Input for this task: Begin

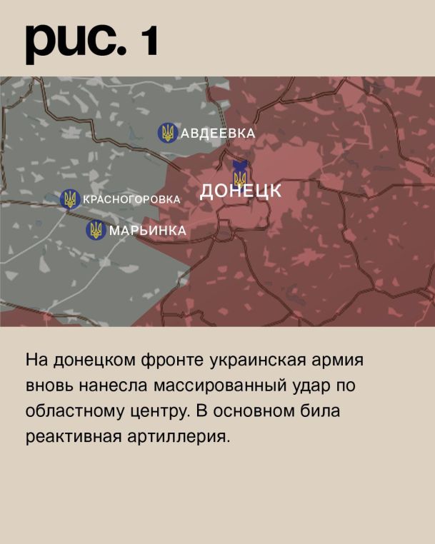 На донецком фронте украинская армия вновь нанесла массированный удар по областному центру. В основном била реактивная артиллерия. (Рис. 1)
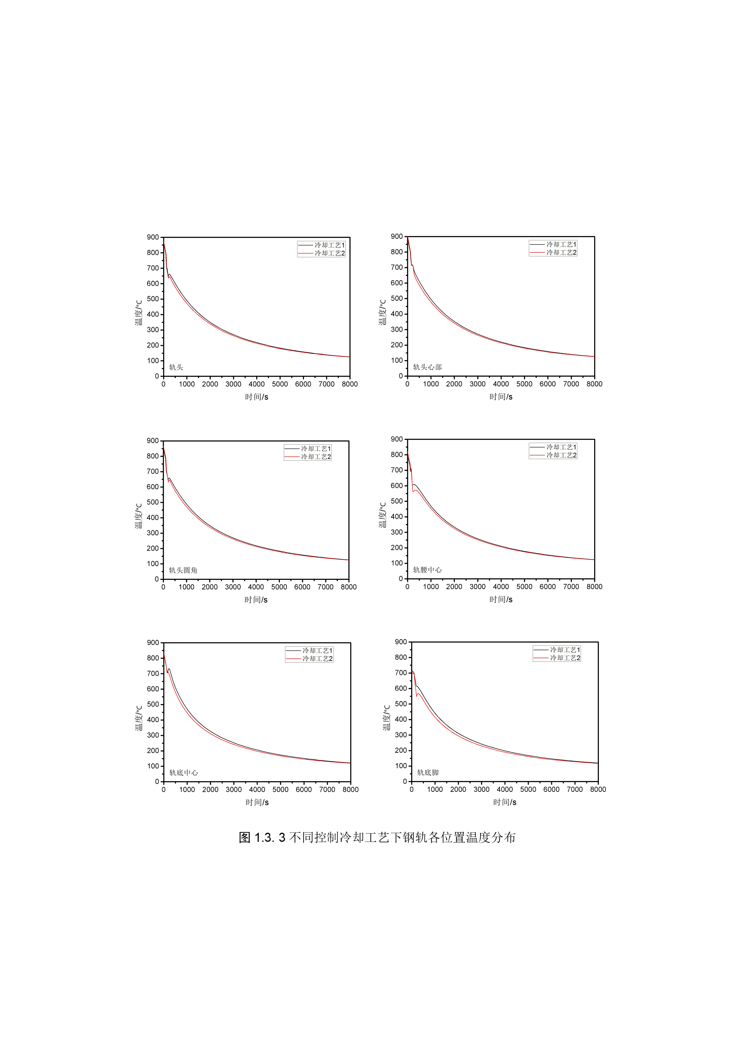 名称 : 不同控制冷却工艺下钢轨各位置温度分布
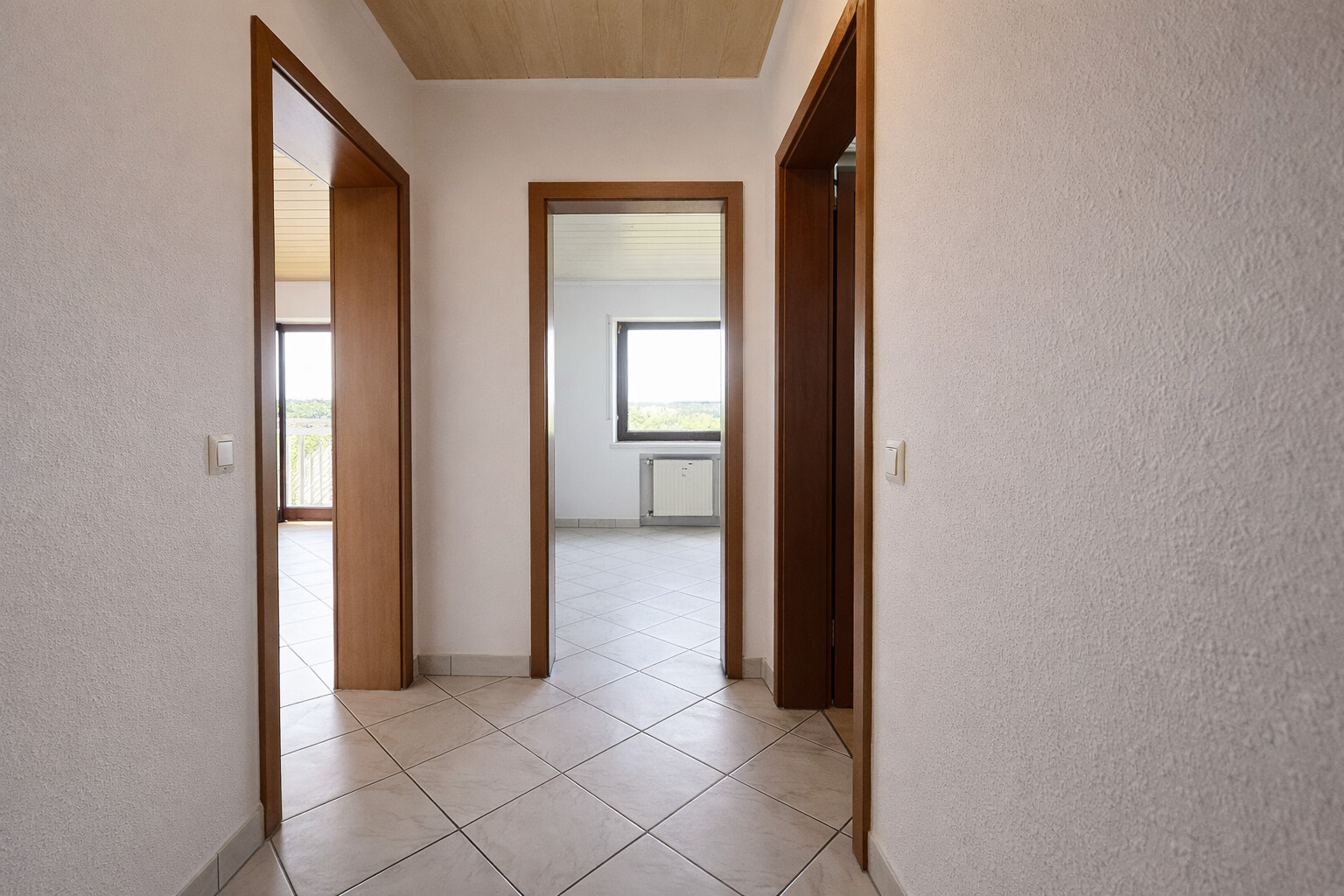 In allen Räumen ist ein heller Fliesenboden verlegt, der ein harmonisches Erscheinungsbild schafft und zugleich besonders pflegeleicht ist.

Input for this task: End
Input for this task: Begin

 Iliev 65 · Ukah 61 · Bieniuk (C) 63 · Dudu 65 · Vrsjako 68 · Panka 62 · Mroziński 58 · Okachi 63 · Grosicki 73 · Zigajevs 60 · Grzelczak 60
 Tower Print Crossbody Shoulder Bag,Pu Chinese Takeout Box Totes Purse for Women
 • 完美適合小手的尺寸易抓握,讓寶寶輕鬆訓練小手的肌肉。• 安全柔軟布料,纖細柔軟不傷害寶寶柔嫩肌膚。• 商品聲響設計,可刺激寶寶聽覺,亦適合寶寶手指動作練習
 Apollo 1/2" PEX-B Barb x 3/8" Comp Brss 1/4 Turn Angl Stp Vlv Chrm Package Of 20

Input for this task: End

### Task to carry out
Your output should be the lines above from the one that contains "На донецком фронте" through the one that contains "In allen Räumen", word for word, with pictures left out.

### Answer to this problem
 На донецком фронте украинская армия вновь нанесла массированный удар по областному центру. В основном била реактивная артиллерия. (Рис. 1)
 名称 : 不同控制冷却工艺下钢轨各位置温度分布
 In allen Räumen ist ein heller Fliesenboden verlegt, der ein harmonisches Erscheinungsbild schafft und zugleich besonders pflegeleicht ist.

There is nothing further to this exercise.